» Exercise goal: Where in the data does the word "para" appear? Find those lines and copy them.

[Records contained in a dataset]
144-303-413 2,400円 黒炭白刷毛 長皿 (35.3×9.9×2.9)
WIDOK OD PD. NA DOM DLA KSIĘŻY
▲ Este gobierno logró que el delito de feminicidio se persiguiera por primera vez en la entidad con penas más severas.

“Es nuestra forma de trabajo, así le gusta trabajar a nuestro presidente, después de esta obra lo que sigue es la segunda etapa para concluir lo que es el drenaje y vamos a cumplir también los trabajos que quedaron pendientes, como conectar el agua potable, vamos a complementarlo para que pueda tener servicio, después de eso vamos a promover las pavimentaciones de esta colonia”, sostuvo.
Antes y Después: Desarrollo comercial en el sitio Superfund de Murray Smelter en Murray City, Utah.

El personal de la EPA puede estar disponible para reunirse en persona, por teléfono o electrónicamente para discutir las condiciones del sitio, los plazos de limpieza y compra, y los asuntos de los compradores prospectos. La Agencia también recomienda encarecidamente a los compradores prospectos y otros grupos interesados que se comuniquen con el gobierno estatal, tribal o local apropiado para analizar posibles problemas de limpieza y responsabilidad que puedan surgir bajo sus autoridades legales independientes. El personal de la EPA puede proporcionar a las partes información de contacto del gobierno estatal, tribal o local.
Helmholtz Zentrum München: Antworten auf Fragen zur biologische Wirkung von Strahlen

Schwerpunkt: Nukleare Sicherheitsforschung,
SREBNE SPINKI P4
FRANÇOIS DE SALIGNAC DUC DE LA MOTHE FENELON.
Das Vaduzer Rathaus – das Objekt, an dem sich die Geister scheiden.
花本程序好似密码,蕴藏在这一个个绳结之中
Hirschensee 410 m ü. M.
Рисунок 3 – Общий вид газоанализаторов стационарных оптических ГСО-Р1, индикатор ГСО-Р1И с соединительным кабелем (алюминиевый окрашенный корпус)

» Solution below:
“Es nuestra forma de trabajo, así le gusta trabajar a nuestro presidente, después de esta obra lo que sigue es la segunda etapa para concluir lo que es el drenaje y vamos a cumplir también los trabajos que quedaron pendientes, como conectar el agua potable, vamos a complementarlo para que pueda tener servicio, después de eso vamos a promover las pavimentaciones de esta colonia”, sostuvo.
El personal de la EPA puede estar disponible para reunirse en persona, por teléfono o electrónicamente para discutir las condiciones del sitio, los plazos de limpieza y compra, y los asuntos de los compradores prospectos. La Agencia también recomienda encarecidamente a los compradores prospectos y otros grupos interesados que se comuniquen con el gobierno estatal, tribal o local apropiado para analizar posibles problemas de limpieza y responsabilidad que puedan surgir bajo sus autoridades legales independientes. El personal de la EPA puede proporcionar a las partes información de contacto del gobierno estatal, tribal o local.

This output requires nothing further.